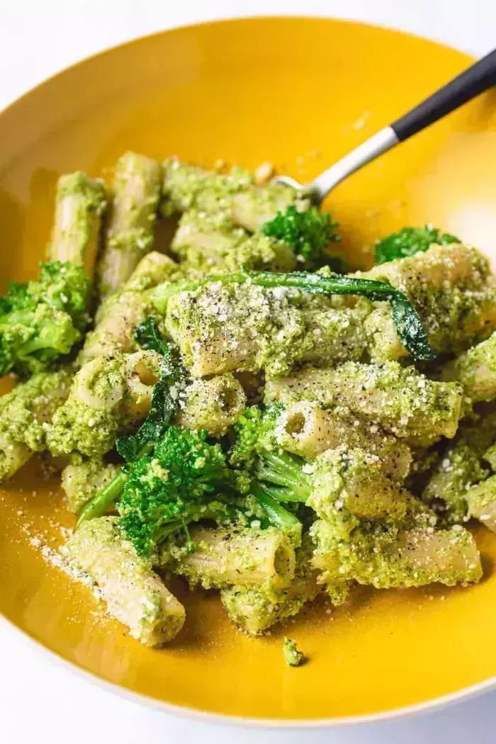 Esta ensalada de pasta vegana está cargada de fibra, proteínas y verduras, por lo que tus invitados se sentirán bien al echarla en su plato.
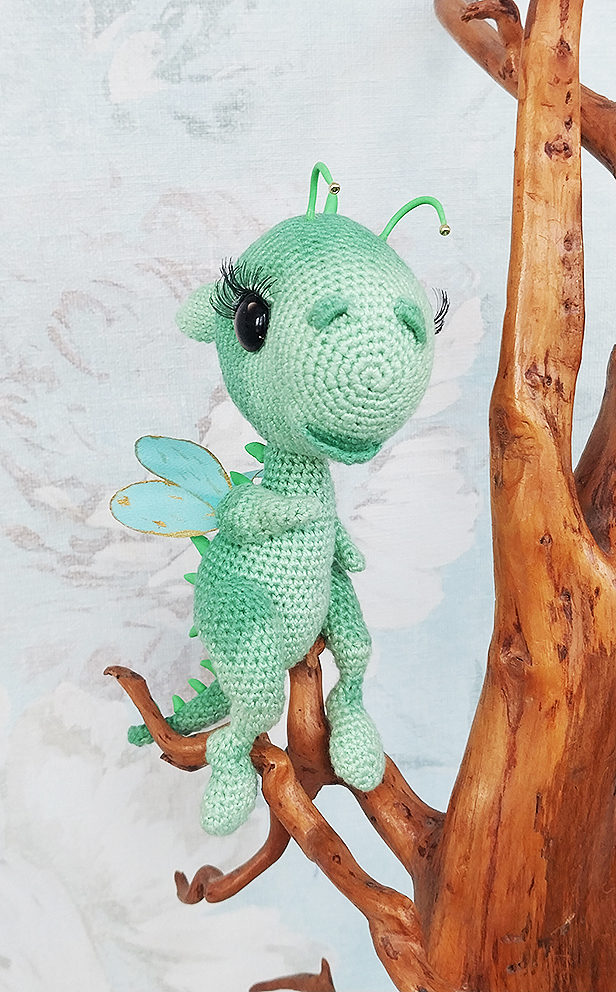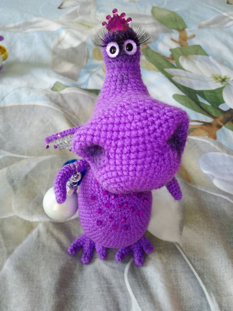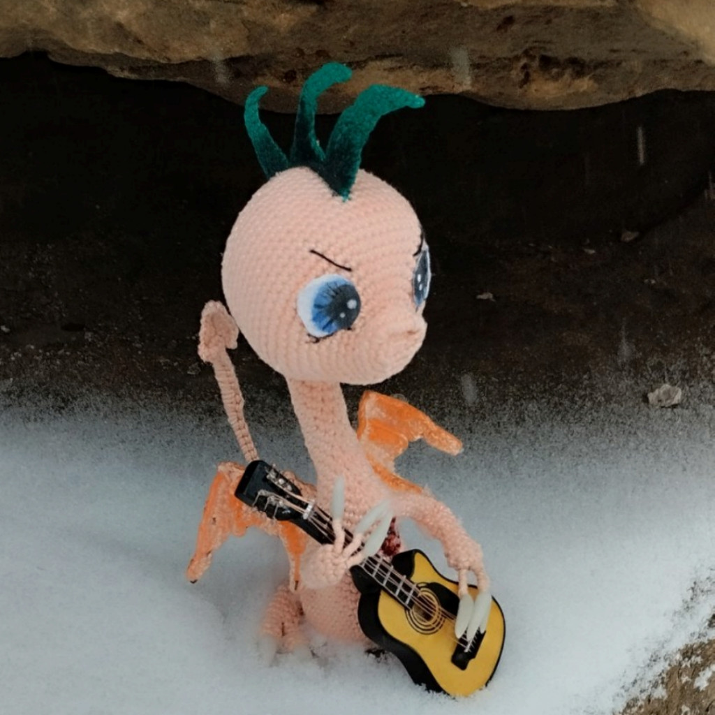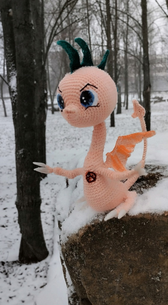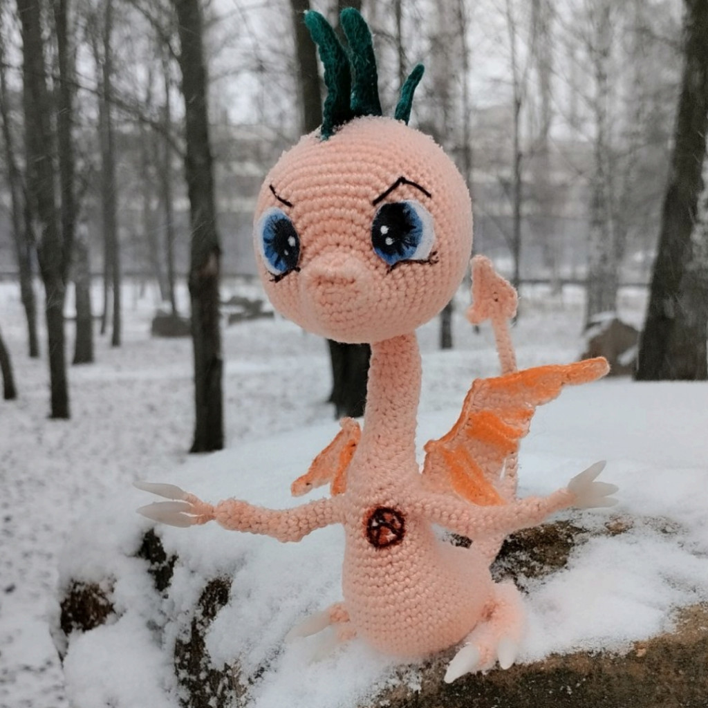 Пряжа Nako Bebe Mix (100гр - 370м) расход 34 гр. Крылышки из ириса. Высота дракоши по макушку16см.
------------------------------------------------------------
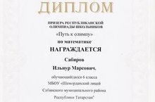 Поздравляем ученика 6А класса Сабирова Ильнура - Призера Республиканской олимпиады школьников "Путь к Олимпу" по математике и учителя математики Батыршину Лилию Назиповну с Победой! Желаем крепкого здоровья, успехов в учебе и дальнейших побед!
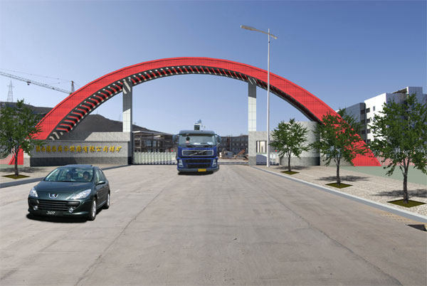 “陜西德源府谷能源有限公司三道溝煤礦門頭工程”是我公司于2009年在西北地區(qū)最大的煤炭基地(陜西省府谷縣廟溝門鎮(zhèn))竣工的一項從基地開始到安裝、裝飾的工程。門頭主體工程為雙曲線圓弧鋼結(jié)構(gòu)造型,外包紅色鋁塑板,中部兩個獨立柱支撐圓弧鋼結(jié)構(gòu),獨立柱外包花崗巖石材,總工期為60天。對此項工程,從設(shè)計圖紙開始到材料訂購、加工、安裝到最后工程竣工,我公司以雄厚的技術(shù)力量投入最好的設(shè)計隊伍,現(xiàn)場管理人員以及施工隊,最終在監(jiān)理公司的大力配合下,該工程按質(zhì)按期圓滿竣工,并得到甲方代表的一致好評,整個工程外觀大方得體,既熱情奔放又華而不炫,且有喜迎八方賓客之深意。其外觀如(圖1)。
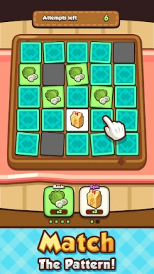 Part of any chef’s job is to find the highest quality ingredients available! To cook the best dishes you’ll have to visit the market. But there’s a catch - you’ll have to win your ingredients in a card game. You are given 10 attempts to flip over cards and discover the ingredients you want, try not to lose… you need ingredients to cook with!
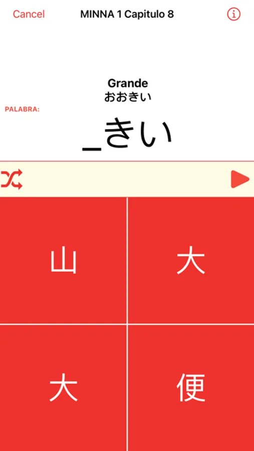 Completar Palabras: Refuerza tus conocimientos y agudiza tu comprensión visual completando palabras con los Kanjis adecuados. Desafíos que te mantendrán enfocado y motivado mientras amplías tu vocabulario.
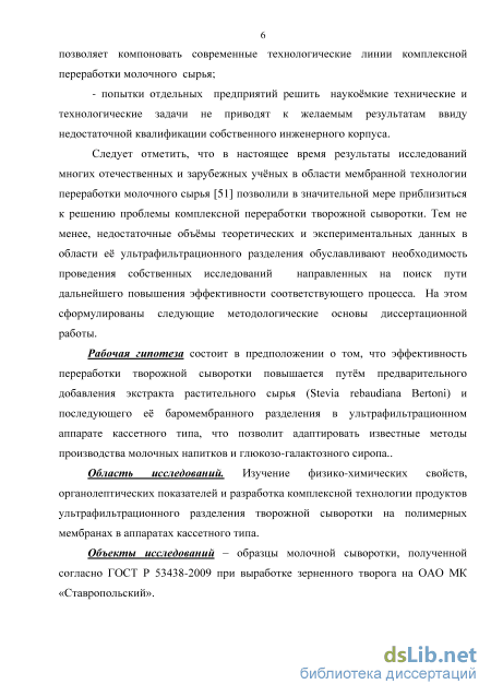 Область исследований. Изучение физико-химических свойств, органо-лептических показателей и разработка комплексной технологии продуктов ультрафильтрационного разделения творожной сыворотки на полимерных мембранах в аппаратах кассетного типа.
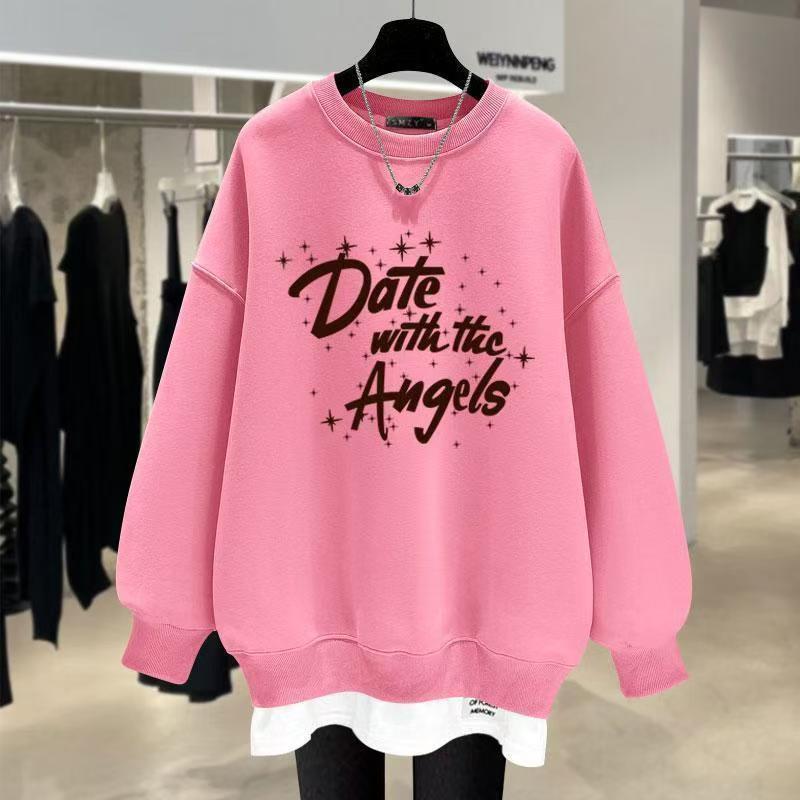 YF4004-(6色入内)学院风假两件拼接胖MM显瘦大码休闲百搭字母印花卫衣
------------------------------------------------------------
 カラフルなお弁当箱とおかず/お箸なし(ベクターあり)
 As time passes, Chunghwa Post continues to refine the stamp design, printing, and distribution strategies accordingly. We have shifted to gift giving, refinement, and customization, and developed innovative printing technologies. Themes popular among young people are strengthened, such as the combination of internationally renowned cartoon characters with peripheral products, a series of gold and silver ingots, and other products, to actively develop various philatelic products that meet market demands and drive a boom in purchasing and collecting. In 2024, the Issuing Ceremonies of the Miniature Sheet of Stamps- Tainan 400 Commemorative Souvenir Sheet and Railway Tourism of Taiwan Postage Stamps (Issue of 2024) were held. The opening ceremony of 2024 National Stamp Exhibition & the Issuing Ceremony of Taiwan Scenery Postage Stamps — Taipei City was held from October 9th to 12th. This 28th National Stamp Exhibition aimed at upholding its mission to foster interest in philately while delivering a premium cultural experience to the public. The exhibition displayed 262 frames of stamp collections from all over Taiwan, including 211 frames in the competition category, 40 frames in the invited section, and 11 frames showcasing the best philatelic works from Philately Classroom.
------------------------------------------------------------
> _Task goal_:
Print, exactly and with no pictures, the lines of the listing above starting at the one that has "Part of any" and ending at the one that has "Completar Palabras: Refuerza", both included.

> _Answer space_:
 Part of any chef’s job is to find the highest quality ingredients available! To cook the best dishes you’ll have to visit the market. But there’s a catch - you’ll have to win your ingredients in a card game. You are given 10 attempts to flip over cards and discover the ingredients you want, try not to lose… you need ingredients to cook with!
 Completar Palabras: Refuerza tus conocimientos y agudiza tu comprensión visual completando palabras con los Kanjis adecuados. Desafíos que te mantendrán enfocado y motivado mientras amplías tu vocabulario.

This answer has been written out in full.